这边张晓珲和张晓瑛在房车里吃着早餐,外祖父家的土灶大锅烧起来太麻烦了,张晓珲下了一锅面条,把麻辣小龙虾热了,就着汤汁泡着面条吃了一顿。 张晓瑛剥着小龙虾????,看着哥哥面前那个本来是用来装汤的大瓷碗,疑惑道:“哥哥,我怎么发现你也变得比以前能吃多了?”她昨晚还担心哥哥喝多了,毕竟她哥现在还没到十八岁,身体没成年,结果也就是脸红了一点。 后来才想起,这朝代的酒度数很低,也就是十到二十度,大部分跟甜酒差不多,这点她在制作酒精时就了解到了。 “运动量大了,比我原来这个年龄段的时候大多了。”
张晓珲说道。 “训练也要适量,别年纪轻轻把关节磨损了。你能喝上牛奶吗?”
张晓瑛从医生的角度叮嘱。
“放心,我知道的,会注意。家里哪来的牛奶呢?”张晓珲道。
是啊! 张晓瑛不禁蹙起了秀气的眉头。她自己自从知道房车的物质守恒之后,早晚都会进来喝两盒她喜欢喝的水牛奶。 可是哥哥不能总在房车边上,喝不着。 可是不喝奶,哥哥就长得不高,而且他都满了十五岁,没几年长了。 她记得以前他哥在现代十四五岁时比她爹还要高了,起码有一米七五以上,可这里的哥哥看起来也就是一米七的样子。 并不是这里的人不高,那卫小将军就有一米八五的样子,那个六皇子也有一米八二三左右,那个李暨将军也有一米七五七六这样,特别是她新认的阿兄穆多尔,年龄说是跟她哥一样,身高倒比她哥高出半个头还多。 还是老张家不注重营养搭配,只管摄入碳水化合物,别的营养成分就完全不够。 不行,她哥必须喝上牛奶,她也得换换口味,她妈生娃哺*也少不了牛奶,珑珑李清李涛都要喝上,还有村里二妞三妞二郎三郎那么多郎们。 这一想就不行了,小朋友喝了老人家也不能拉下呀,哪有小辈吃着好东西长辈在旁边看着的道理,这里不是物质极大丰富的现代社会,家长头疼的不是有没有奶喝,而是怎样千方百计把奶灌进娃的嘴里。 甚至在他们穿越前不久还发生为了追星生生倒掉牛奶的事件,闹的沸沸扬扬,真是让现在的张晓瑛想起来就痛心疾首。 在这个物资匮乏的朝代,好东西要留给长辈先用,她刚刚只想到娃娃们要长高必须喝奶,却忘了老年人防止骨质疏松也应该喝奶,这是必须谴责的。 先去买一头奶牛吧,这事拖不得,张晓瑛一边想一边拆开吸管插进盒装奶递给她哥:“哥,一会咱们去买奶牛去,你都十五了,再不喝奶该长不高了。
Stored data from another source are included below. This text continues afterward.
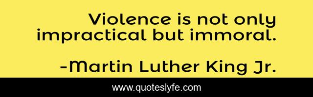 This page presents the quote "Violence is not only impractical but immoral.". Author of this quote is Martin Luther King Jr.. This quote is about nonviolence, violence,.
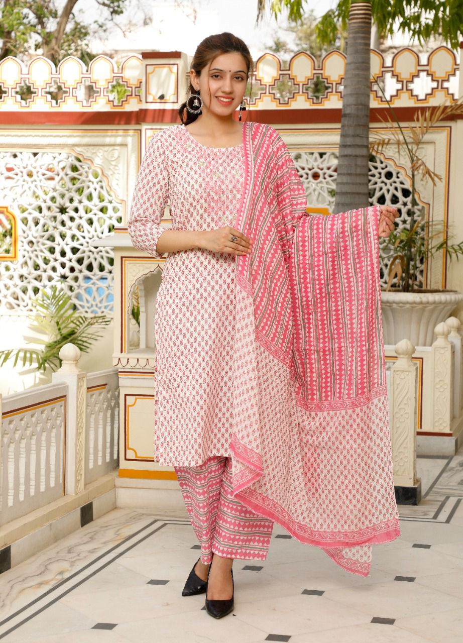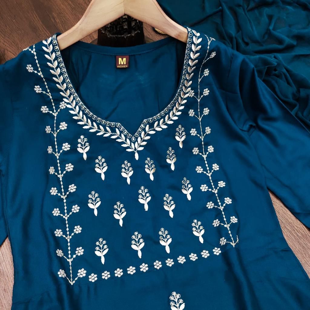Beautifully handcrafted, hand-screened Rayon kurta set. The printed kurta comes with palazzo pants and a elegant dupatta. With the captivating color of this kurta set.
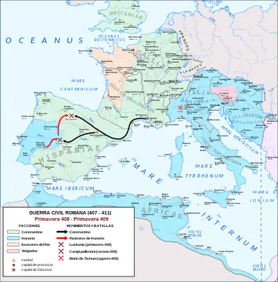 El último de los tres usurpadores —Constantino de Britania— cruzó el canal con las tropas en primavera de 407 y tanto el ejército como la aristocracia de la Galia se le unieron en masa al verlo como la única posibilidad de hacer frente a los invasores del Rin.[3] Ante el fracaso de su estrategia, el gobierno de Rávena envió, ese mismo verano, un nuevo ejército al mando de Saro para intentar acabar con Constantino pero fue derrotado y tuvo que retirarse a Italia.[4] El usurpador consiguió controlar la capital de la prefectura —Arlés— a inicios de 408 y tuvo bajo su mando toda la Galia donde optó por pacificar a los invasores bárbaros mediante acuerdos de asentamiento en el oeste y norte para poder, así, centrarse en su defensa ante otro posible ataque de Honorio y en controlar la diócesis de Hispania donde algunos parientes del emperador habían conseguido formar un ejército y rechazar un primer ataque de sus tropas.[5]
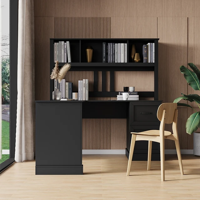 Aheaplus 59'' W L-Shaped Computer Desk with Tall Hutch,Corner

”“你不用去安乐堂了吗?”
张晓珲问。
“先去买奶牛再说,我的工资是外祖父发的,又不是安乐堂,现在安乐堂有没有我区别不大。”张晓瑛说道。
她一直都是安乐堂的编外人员,现在培训基本结束了,不结束安乐堂都住满了伤患,一时半会空不出来。 对她来说,现在最重要的事情就是让她哥喝上牛奶。 可是当他们兄妹俩到了牲口集市,她的目光在一头母牛身上凝住了。